High-end With the VLSI technology scaling down, an increasing number of devices are getting 
packed in the silicon real estate. Unprecedented levels of integration of devices and functionality has been 
achieved over the past few technology nodes. As the technology is scaling, the on-chip interconnect wires are 
also increasingly becoming important and the overall system performance is being increasingly dominated by 
the on-chip interconnects [1]. Interconnects are becoming important than the actual devices in terms of 
power, delay, the figures of merit during the selection and Implementation of a device in chip fabrication and 
packing density. This process can be used in numerous electronic applications like data communication 
networks, digital signal processing, automobiles, multimedia and medical applications due to its high speed, 
reliability and capability of size reduction in various electronic components. 

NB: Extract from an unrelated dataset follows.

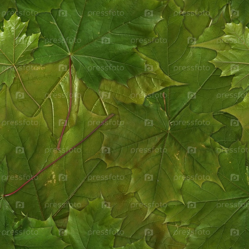 Бесшовный фото рисунок с зелеными кленовыми листьями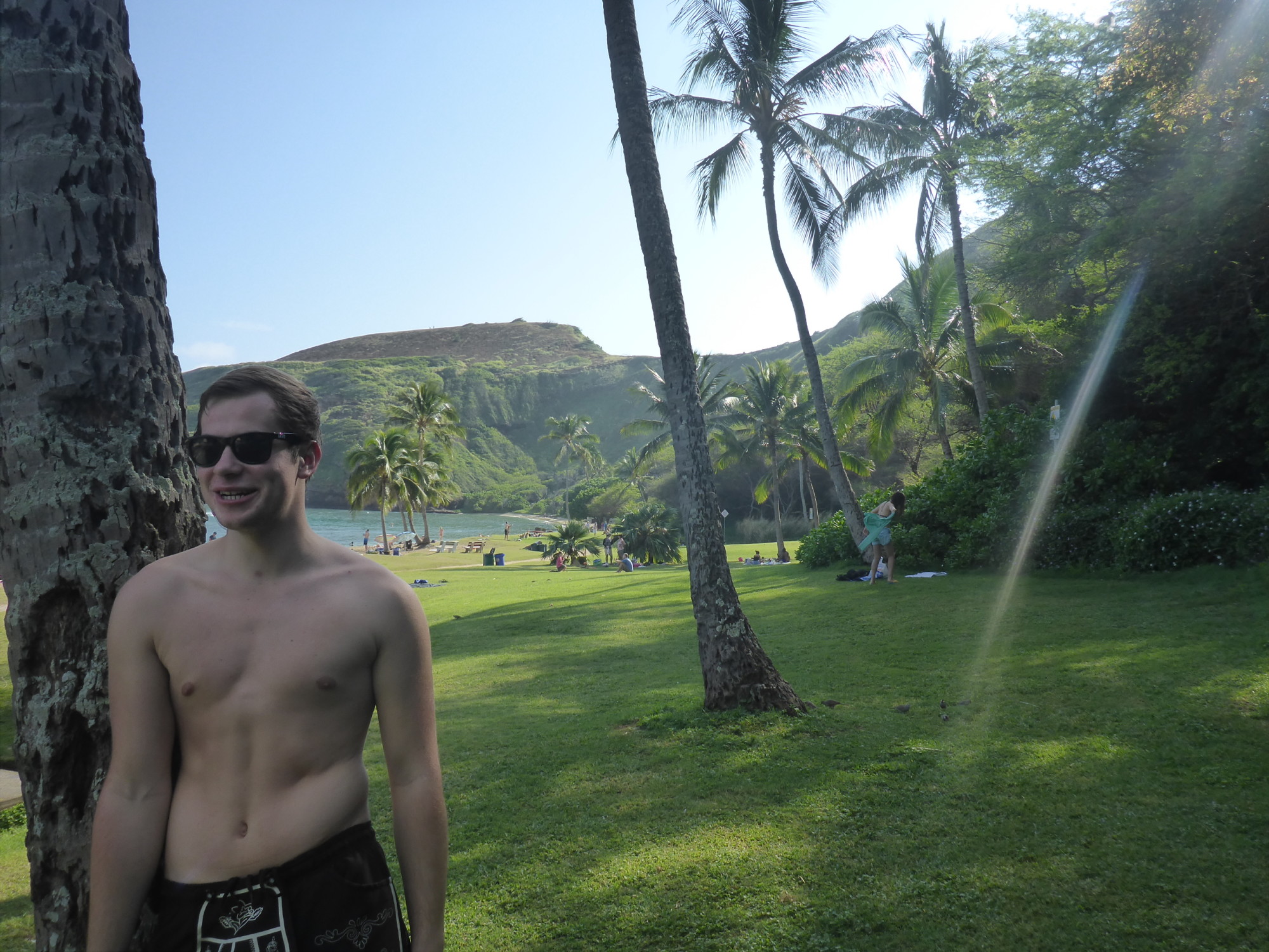 Am nächsten Tag haben wir uns für die nächsten drei Tage gemietet, ich war nicht dabei als Timon und Basti das Auto geholt haben, aber die haben es echt für nen bomben Preis bekommen. Natürlich haben wir dann den ganzen Tag damit verbracht die Ostküste hoch zu fahren um dann bis in die nördlichste spitze zu fahren und dann durch die Mitte der Insel wieder zurück. Wir hatten kein richtiges Ziel, wir haben einfach überall da angehalten wo es uns gefiel wie z.B die Lanai-bucht, eine Lavasteinbucht, es sah echt spektakulär, wie die Wellen immer davor gedrischt sind und so eine Lavafläche hat man zuvor auch noch nicht gesehen, dann war da der Makapuu- aussichtsplattform. Von dort aus konnte man echt die fast die komplette Ostküste hochgucken, wirklich beeindruckend und dann war dann noch der Waimanalobeach. Das war wirklich ein Tropenstrand wie man ihn sich vorstellt: weißer Sand, das Wasser nochmal ne Nummer Blauer als der Waikikibeach, fast keine Menschenseele, kilometerlang und im Hintergrund fast nur Dschungel und Berge! Wir waren uns alle einig: der schönste Strand der Insel!!!

With the modernization in VLSI technique, the use of number of transistors per chip rapidly 
increasing. The enhancement in transistor count produces high complexity in interconnects hence the 
increment in the interconnect length which led to enhancement in die size. Therefore, some silicon die which 
span across the length of global interconnects do not scale precisely. This phenomenon known as reverse 
scaling interconnects which led to power dissipation. Therefore, Interconnects greatly affect the chip 
performance and robustness. The power consumption due to interconnects can be as high as 40% of total 
power dissipation in high performance gate arrays [2]. 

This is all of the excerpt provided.